На Забайкальском фронте(Документальные повести, очерки) - Котенев Алексей Яковлевич. Страница 9
Минут через двадцать они перевалили через Олений Рог и сбежали по южному склону вниз.
У подножия сопки стоял у мотоцикла лейтенант Ивушкин и, поглядывая на часы, поджидал связистов. Запыхавшийся Габай подбежал к лейтенанту, объяснил, что кончилась катушка, и, оставив станок и телефонный аппарат, побежал к артиллеристам одолжить провод. Ивушкин включил аппарат в линию, повернул ручку и вдруг услышал голос старшины Бандуры.

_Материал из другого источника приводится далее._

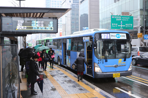 目前,首尔的市区巴士上普遍已经安装了侧面号码牌,预计将逐渐扩散到首尔近郊和各地方的巴士。先在电子指示牌上确认相应巴士的进站时间,然后再查看侧面号码牌,乘坐巴士应该会更加轻松了吧?

— Я спрашиваю, положено или не положено выполнять к сроку приказания? — гремел старшина, не зная еще, с кем говорит. — Ну что я доложу командиру?
— Доложите капитану Дроботову, что связь обеспечена, — сказал лейтенант. — Приказ выполнили точно в срок.
— Это кто? Это вы, товарищ лейтенант? — растерянно спросил Бандура.
— И еще передайте на все точки, что красноармеец Олесь Габай, попав в трудное положение, не растерялся, преодолел сопку Косматую и в считанные минуты оказался на южном склоне.
— Что вы говорите? — обрадованно воскликнул старшина. — А я из-за него хотел уволиться после войны.
— И ехать в Липовку садовничать?.. — продолжил Ивушкин.
— Совершенно точно…
— Не советую спешить, — проговорил Ивушкин. — А вдруг не возьмут в садовники? Ведь садовник — человек особенный. Иной, к примеру, увидит куст — и ну корчевать его «в общем и целом». А хороший садовник как сделает? Он ненужный бурьян расчистит, найдет хороший росток…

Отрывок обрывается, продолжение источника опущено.